But unlike vaccinated poultry, which can be infected by highly pathogenic bird flu but not become very sick or die, highly pathogenic bird flu in wild birds tends to be a killer. And, as noted in forum, dead ducks don’t fly. So, outbreaks in wild birds tend to be, as it were, dead ends.
And for anyone really looking at cases where wild birds have been accused of being vectors, can turn out their migration routes and timing of migrations don’t fit the story. And might be transport within poultry industry, even if not immediately obvious: the trade in live poultry is huge, and includes smuggling.
BUT – in spring and summer 2022, there are reports of major die-offs at seabird colonies, some proven and others suspected to be caused by bird flu.
Clearly [yes, even to me], these result from transport by wild birds: the poultry industry is not delivering to rocky islands etc etc that host colonies.
It seems to me that highly pathogenic flu affecting seabird colonies may be of a kind that can be carried by some wild bird species that are not very prone to becoming sick and dying; while it can still kill a wide range of wild birds. Geese and ducks have long seemed like potential vectors – after all, known to carry regular forms of bird flu; but they too don’t head for many of seabird breeding sites [Bass Rock in Scotland, for instance]. Perhaps, then, gulls? – which do occur, are wide ranging, and not featuring prominently among the species killed.
Can hope research is being conducted that will help show what’s going on. Whether this can really help rectify the situation, I’m not sure. Right now, just seems like we are witnessing a disaster unfolding, and spreading; and can do little but report on it, while feeling mortified – especially given the high path flu was perhaps/ probably created [evolved] within the poultry industry.
Below, a few posts with reports on bird flu in wild birds, mainly on die offs during the 2022 breeding season.
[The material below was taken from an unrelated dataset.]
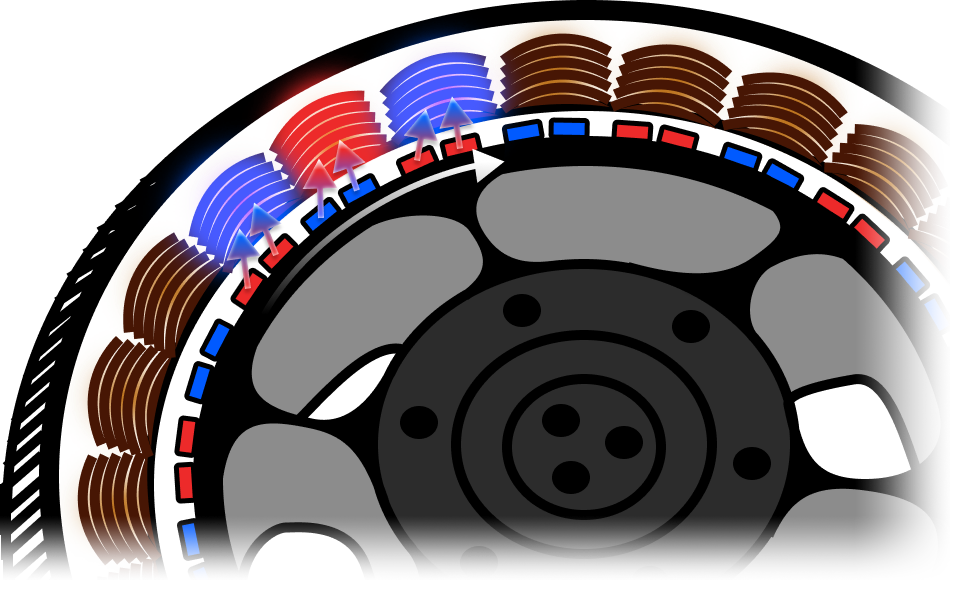 Cogging is an undesired effect of the First-Generation Direct Drive typology, and there are two reasons why it happens. First, let’s have a look the motor design. You can see that the magnets (coils and rotor magnets) want to align with each other, and that alignment defines the rotation of the wheel thanks to the shaft

While here’s a strong Twitter thread with background information, by Thijs Kuiken, Professor of Comparative Pathology at Erasmus University Rotterdam: https://twitter.com/thijskuiken/status/1537832228373385217 Couple of images with posts:
30 June 2022 at 6:15 am #6574Bird flu has killed nearly 1,500 threatened Caspian terns on Lake Michigan islands
//Wildlife biologists are finding whole colonies of birds dead or dying on islands in Lake Michigan. They’s Caspian terns, which are listed as threatened in Michigan and endangered in Wisconsin.
…Sumner Matteson is an avian ecologist with the Wisconsin Department of Natural Resources. He said what he found on an island off of Wisconsin’s Door Peninsula was horrific.
“Seeing hundreds of dead birds scattered in a line before you with others dying among those. And it’s a — it’s a feeling of helplessness, knowing that there’s nothing, absolutely nothing, you can do for those birds.”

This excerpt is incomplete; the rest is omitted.